JPH10312321A - On-line system fault analyzing method - Google Patents

Abstract

PROBLEM TO BE SOLVED: To minimize the influence of a fault by actualizing processes from the detection of a fault of an on-line system to a display of a countermeasure method in real time. SOLUTION: When a fault message is generated, a counter 1 is made to one (step 152). The history accuracy and monitor accuracy of the instance in the place that the counter indicates as to all instances in a message table are found (step 168). A display of the generation cause of the fault message is made and the instance having the maximum history accuracy in the message table is displayed as an optimum countermeasure method (the instance having the maximum monitor accuracy is displayed when there is more than history having the maximum history accuracy) (step 156). When a countermeasure is automatically set, a countermeasure command and a countermeasure confirmation command are executed (step 160) and after a recovery from the fault, the countermeasure result is displayed (step 164), but when the fault is not recovered, a counter measure module is actuated to take a manual countermeasure (step 166).

Description

DETAILED DESCRIPTION OF THE INVENTION

[0001]

BACKGROUND OF THE INVENTION 1. Field of the Invention The present invention relates to a failure analysis method for displaying a cause of a failure and a method of dealing with the failure with respect to hardware and software failures from information output from the system, and more particularly, from the detection of the failure. To online systems that require high-speed real-time processing.

[0002]

2. Description of the Related Art Devices and systems for diagnosing faults of hardware such as equipment and faults of software such as application programs have been developed and operated in various fields. Failure management plays a major role in managing these systems. For example,
As shown in Japanese Patent Application Laid-Open No. 06-161760, there is a device having a device having a real-time property for device diagnosis. In this technique, the diagnosis performed by an expert is mechanized, and the determination is not varied, thereby enabling a quick diagnosis. Also, Japanese Patent Application Laid-Open No. 08-237
As disclosed in Japanese Patent Publication No. 188, the communication terminal device stores data relating to the communication history and transmits data at the time of a communication failure to the information storage device via the network, thereby efficiently maintaining the communication terminal device. I can do it.

[0003] In companies and government offices, various online systems operate in fields requiring high-speed processing and reliability. In these systems, software such as an application program runs on hardware such as equipment, and diagnoses failures of individual hardware and software.

[0004]

However, such a conventional method has the following problems.

That is, when a plurality of hardware and software failures occur simultaneously, it is difficult to realize the processing from the detection of the failure to the handling of the failure at a high speed.
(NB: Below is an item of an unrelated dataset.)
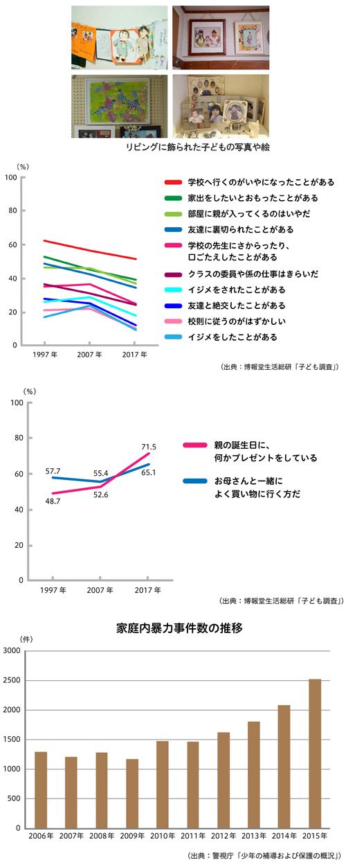 ただし、問題が全てなくなった、というわけでもありません。お互いソフトな親子の関係は、より濃密になりつつあり、「親の誕生日に何かプレゼントをしている」、「お母さんと一緒によく買い物に行く方だ」という項目も過去最高になりました。その反面、警察庁の統計では、子どもの家庭内暴力の発生件数が近年、小中高の全年齢で増加傾向にあることも示唆されているのです。

As described above, the conventional method deals with an individual failure of hardware or software, and deals with a failure of a system constituted by a plurality of hardware devices and software and possibly affecting each other. There was a problem that it was not possible.

An object of the present invention is to provide an online system failure analysis method capable of dealing with a failure of an online system composed of a plurality of hardware devices and software in real time.

Another object of the present invention is to improve the accuracy and speed of work and to facilitate the work by mechanizing complicated trouble recovery work conventionally performed by humans, thereby minimizing damage due to trouble. Another object of the present invention is to provide a means for a person who does not have specialized knowledge to perform a disaster recovery operation.

[0009]

SUMMARY OF THE INVENTION The present invention accumulates information relating to the history of messages output from an online system to a monitoring terminal for a certain period of time and monitors the operation status of hardware / software, and a failure occurs. Then, the cause of the failure is displayed and the method of handling the past optimum case is displayed.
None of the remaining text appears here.